Jonathan Cape, the publisher, had sneakily leased the novel’s rights to a publisher in France, leading to copies flying off the shelves in the wake of shock-horror publicity. The following obscenity trial ended in a verdict that demanded all copies of the story be destroyed, and the trial became the subject of much lampooning. An anonymously written parody, The Sink of Solitude, sided with Hall and Ellis in their description of homosexuality as innate, but was less kind to Hall and Ellis, characterised as a humourless martyr and a “psychopath” respectably. The messiah imagery used horrified Hall, even though Stephen describes herself at one point as “in some queer way she [is] Jesus”.
The Well of Loneliness isn’t exactly a masterpiece. It’s overlong, ploddingly plotted and often very dull. It’s not even the most interesting queer novel of the time (that honour goes to one of my all-time favourite novels, Orlando by Virginia Woolf) but its place in the history of a queer literary tradition cannot be understated. The story of Stephen is often an upsetting one – she never really finds happiness because there’s no room in society for someone like her – but it’s also an often moving plea for understanding. It’s one that places the blame firmly on society. After all, science is on the side of the inverts.

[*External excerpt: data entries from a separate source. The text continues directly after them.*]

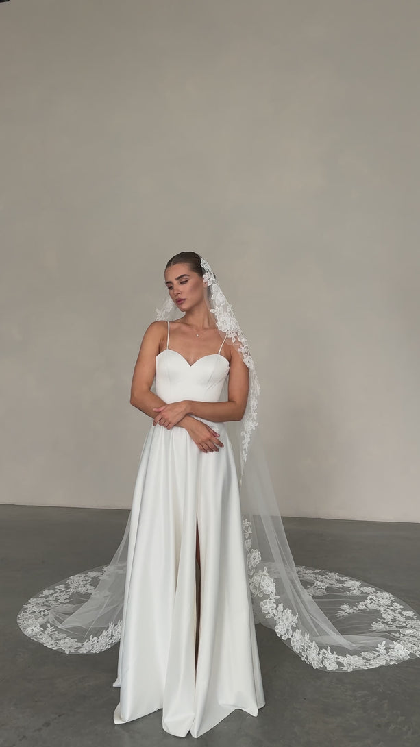 Mantilla Veil with Corded Lace Appliqués ✔︎Details: soft tulle one layered rounded mantilla veil decorated with corded lace appliqués available in different lengths Width - 200 cm (79") Color - ivory...
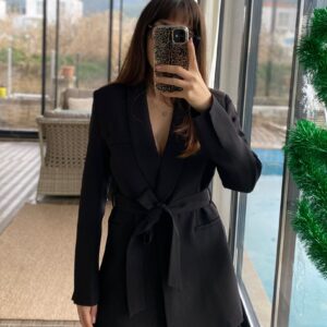 Kadın İkili Kuşaklı Blazer Ceket Pantolon Takım Siyah
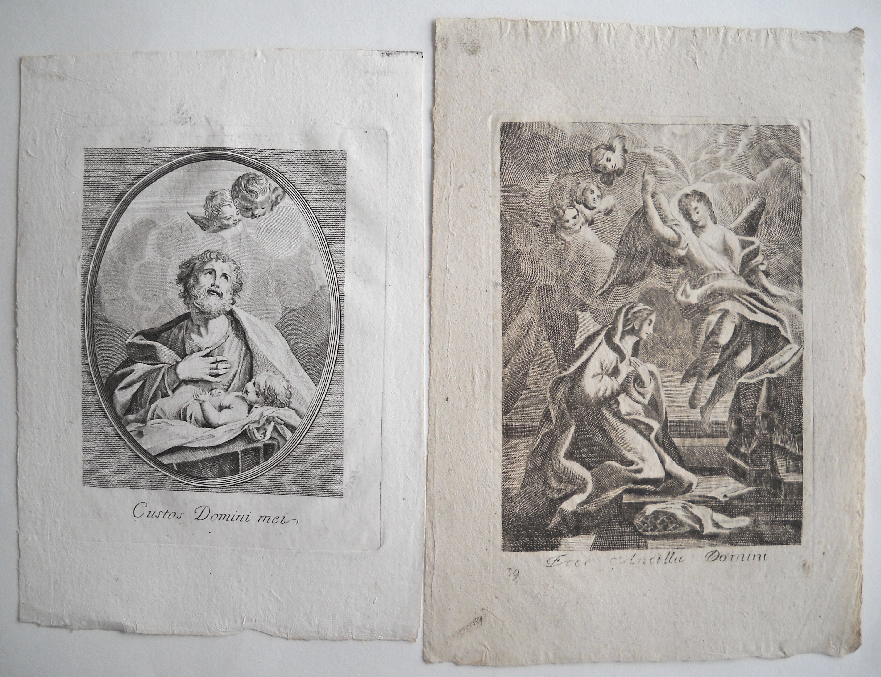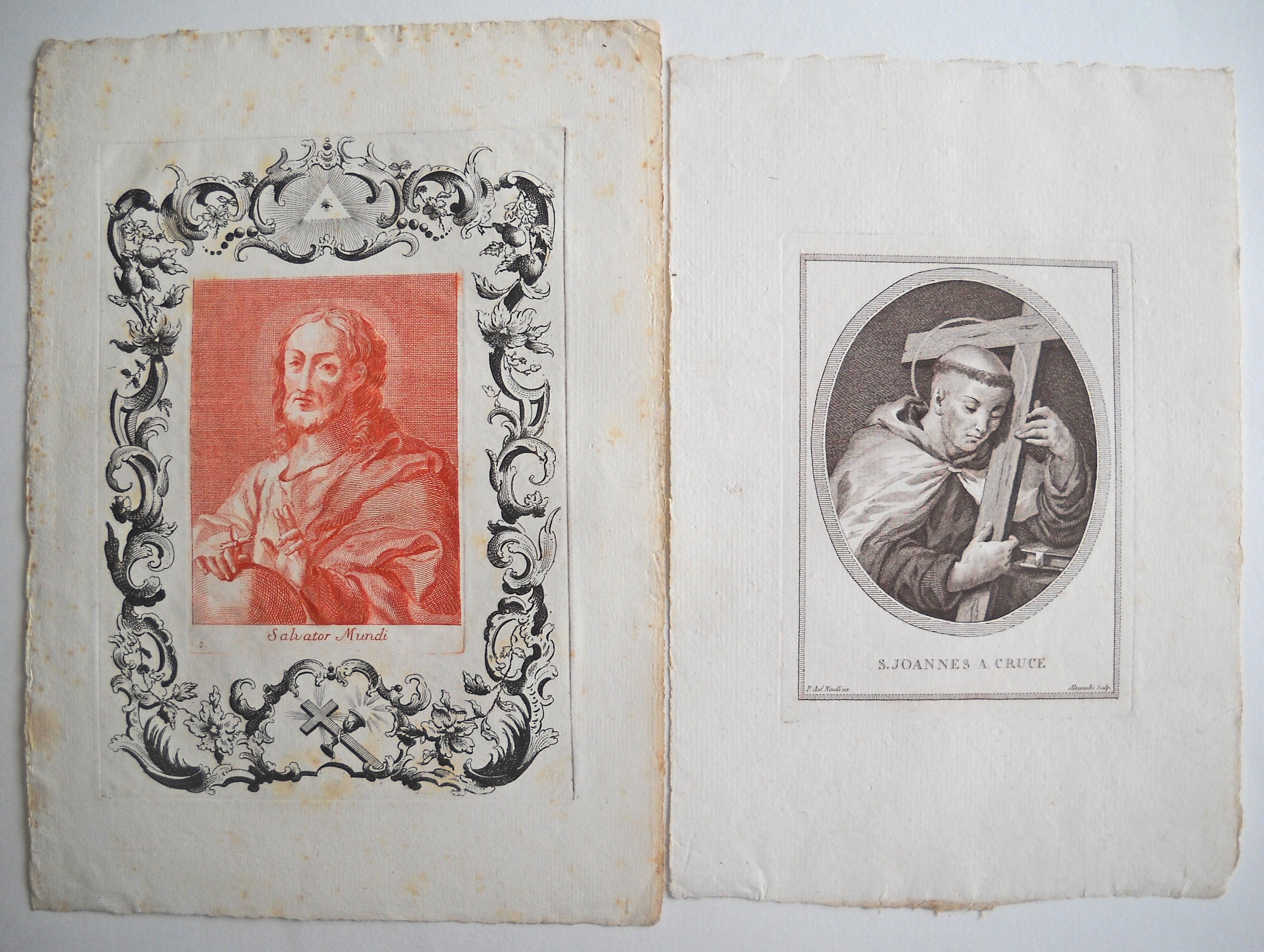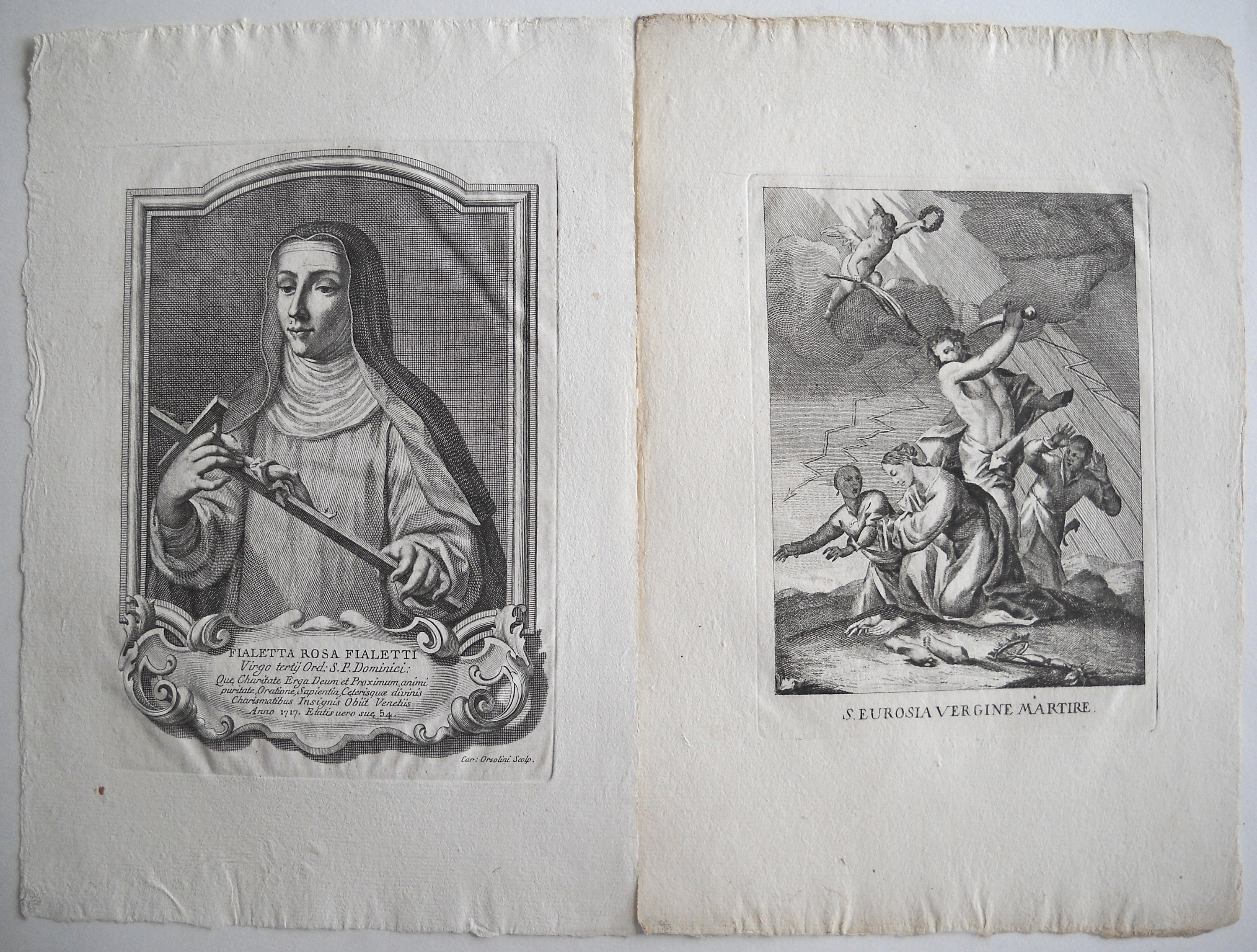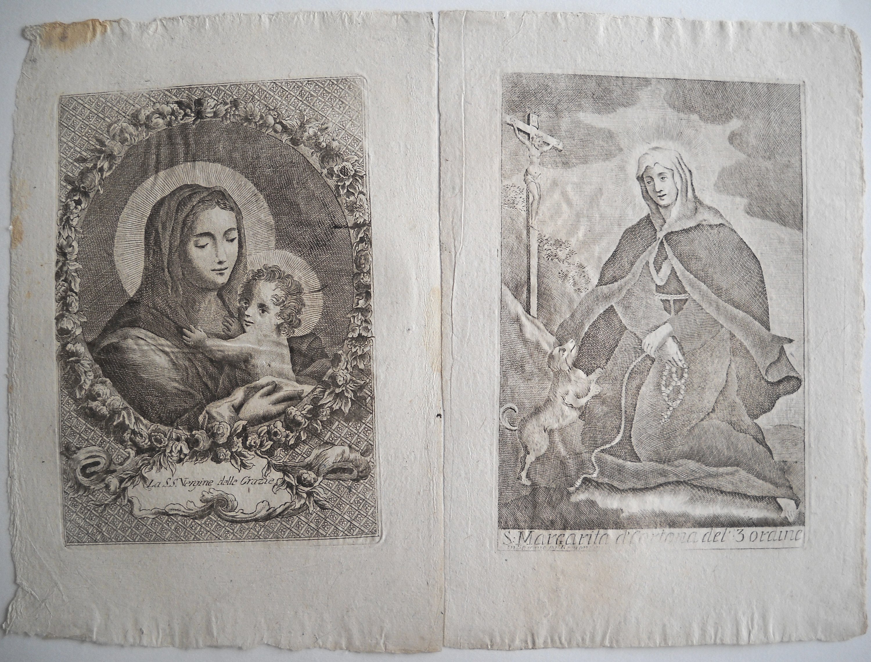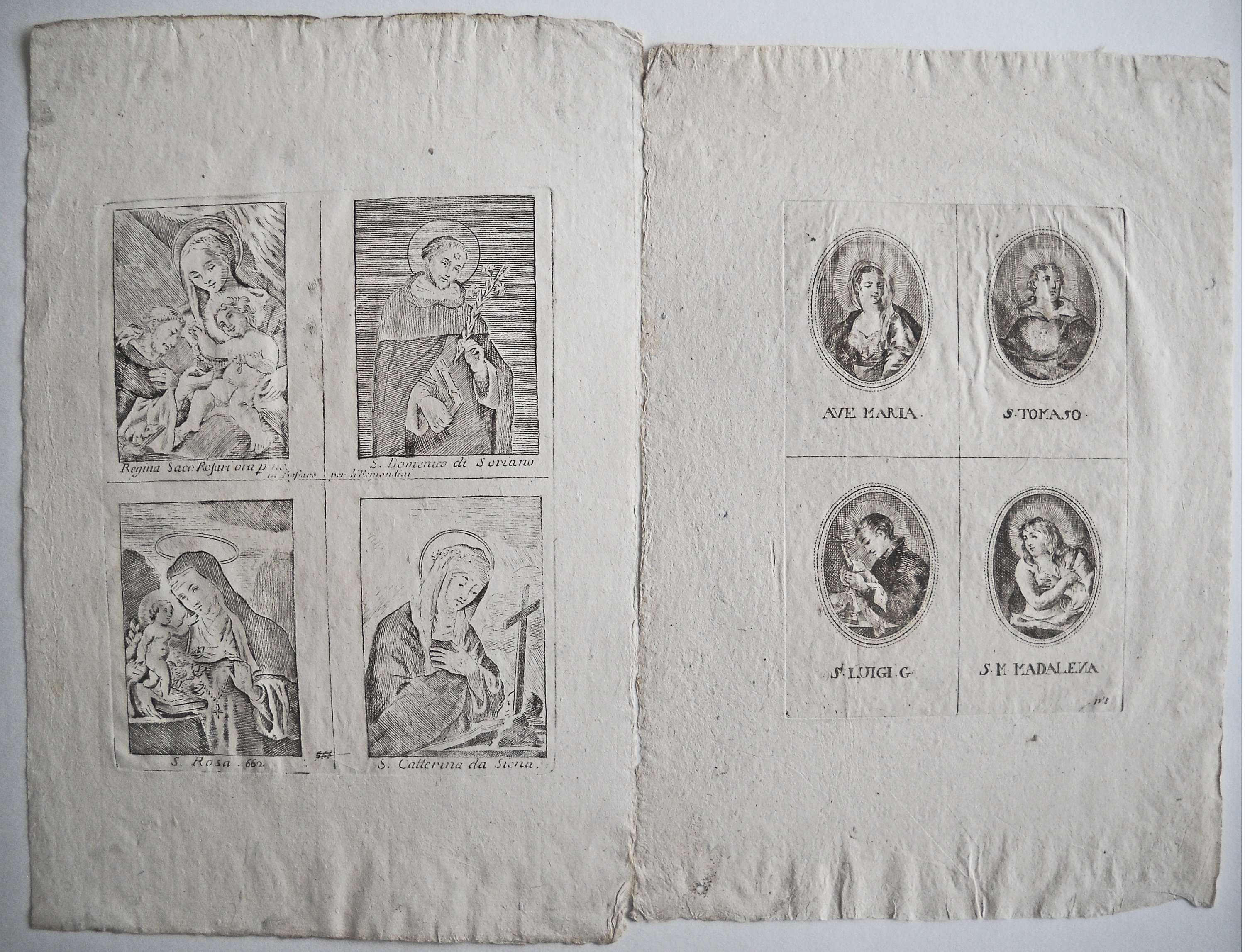 1783 " par " Gaetano Sancon sculps. " ; " S. MARIA MAGDALENA " ; " S. ALOYSIUS GONZAGA " ; " B. Lorenzo da Brindisi Cappuccino " ; " Custos Domini mei " ; " S. Barbara V. et M. " ; " " S. Stanislaus Kostka " ; " EGO PANEM DABO " ; " S.JACOBUS MAJOR " ; " La S.S. Vergine delle Grazie " ; " FIALETTA ROSA FIALETTI " par " Orsolini sculp. " ; " S. EUROSIA VERGINE MARTIRE " ; " S. VALENTINUS M. " ; " ASSUMPTIO B.V. MARIE IN CELUM " ; " ADORABILE NOMEN JESU " ; " S. PETRUS " ; " S. PIETRO APOSTOLO " ; " Fuga in Aegyptum " ; " Benedetto Giuseppe Labré " ; " S. MICHAEL " ; " ANNUNCIACION DE NUESTRA SENORA " ; etc.

Hall may not have been able to give Stephen what was seen as a realistic happy ending but the stories inspired in the generations that followed could. Sarah Waters’s trilogy of lesbian centred Victorian fiction, beginning with Tipping The Velvet, end with the
inverts finding happiness, as many queer women of the time did. Waters has the luxury of writing in a time where understandings of gender and sexuality are more openly discussed and accepted (although not as much as we’d like to believe, if we’re being honest). She can go back into history and offer a representation of the past that deliberately opposes the heteronormative norm of the history books and most widely read stories of the time. She can pick up the long abandoned threads of queerness and give them their time to shine. Waters’ novel differs from her historical and literary influences, such as The Well of Loneliness, in that her contemporary insights of late 20th century lesbian life allow her to create a narrative that can allow its lesbian protagonist a happy ending. Where Hall’s novel worked to earn the sympathy of an audience with no understanding of homosexuality and the lesbian pulp novels bought into the expectations of popular culture, a conservative society and a largely heterosexual male reader base, Tipping the Velvet does not need to do this. The previous tone of pity and pleas turns to one of acceptance.
This is, admittedly, a relatively simple reading of a long and oft-ignored tradition I only have a limited knowledge of. I focused mainly on Hall, and Waters to a lesser extent, because it felt like coming full circle. The fourteen year old me read Tipping the Velvet, with no real understanding of a homophobic society and saw only a loving and complex relationship that just happened to be a queer one. The twenty one year old me read The Well of Loneliness, older and wiser and fully aware of how little I really knew. What I saw before me was the outlines of a tradition, one that had come to mean a lot to me and gave me a real sense of self. Everyone deserves their own history and culture.